1. The main register M is initialized with the key and the IV:

$$M := K + 2^{80} \cdot IV = (0^{80-v} \| IV \| K)$$

2. The carries register is initialized to 0 :

$$C := 0 = (0^{82})$$

3. The FCSR is clocked 160 times. (Output is discarded in this step)

- c. Extraction of pseudorandom data After setup phase, the pseudorandom stream is produced by repeating the following process as many times as needed
  - Clock the FCSR
  - Extract one pseudorandom byte using filter F as described above.

# 2 Security properties

The expected security level of the two proposals are those of the exhaustive keysearch. More details about security analysis on Filtered FCSR generators are given in the enclosed papers [1, 2, 3].

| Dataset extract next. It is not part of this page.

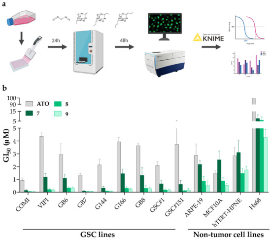 We started by evaluating the potency of the synthesized alkyl polyarsenical analogs 7–9 in inhibiting GSC growth. Indeed, to avoid bias due to GBM inter-tumor heterogeneity, we decided to test the compounds on a panel of nine patient-derived GSC lines, namely COMI, VIPI, GB6, GB7, G144, G166, GB8, GSC#1, and GSC#151. Alongside with GSCs, we also tested these analogs on four non-tumor cell lines to investigate their selectivity. In detail, the non-tumor cell lines tested were MCF10A, from the breast epithelium, ARPE-19, from the retinal pigmented epithelium, Hs68, a fibroblast cell line, and hTERT-HPNE, an immortalized pancreatic ductal cell. The compounds were tested by constructing dose-response curves, and the deriving growth inhibition 50 (GI50) value, i.e., the compound concentration causing the 50% inhibition of the cellular growth, was calculated. For this purpose, the cells were treated with a range of drug concentrations in an automatic manner using an acoustic droplet ejection technology-based liquid dispenser and, then, after 48 h treatment, the viability was assessed by performing a vital cell count based on Hoechst 33342 and propidium iodide (PI) DNA stainings. Indeed, the number of viable cells was calculated by subtracting PI-positive cells from the total number of cells, represented by Hoechst 33342 staining (Figure 3a). Figure 3b and Table 2 show the GI50 values obtained in the different cell lines tested for each of the four compounds under evaluation.
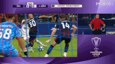 第22分钟,柔佛新山左路传中,雅伊罗禁区中得球抽射破门!但随后被吹越位无效!随后导播给的回放完全没有交代清楚↓

#### Resistance to generic attacks

- Statistical properties. There is not any known statistical bias on the pseudorandom sequences output by our filtered FCSR. We have check that they pass the Statistical Test Suite of the NIST.
- Linear complexity. Since 2-adic structure and quadratic automaton are not related with linear structure, we can expect that the linear complexity of our pseudorandom sequences satisfies the same distribution law as for a random sequence of period  $|q|-1 > 2^{128}$ . Experiments we have done support this assumption.
- 2-adic complexity. The 2-adic structure is broken by the linear properties of the filter function. Hence, we can expect that the 2-adic complexity of our pseudorandom sequences is high, as it is the case for random sequences of period  $|q| 1 > 2^{128}$ .
- Algebraic cryptanalysis. The transition function of a FCSR automaton is quadratic and the filter function  $F_{\ell}$  is linear.

The algebraic equations are of the form  $F_{\ell}(T_q^i(x)) = s_i$ .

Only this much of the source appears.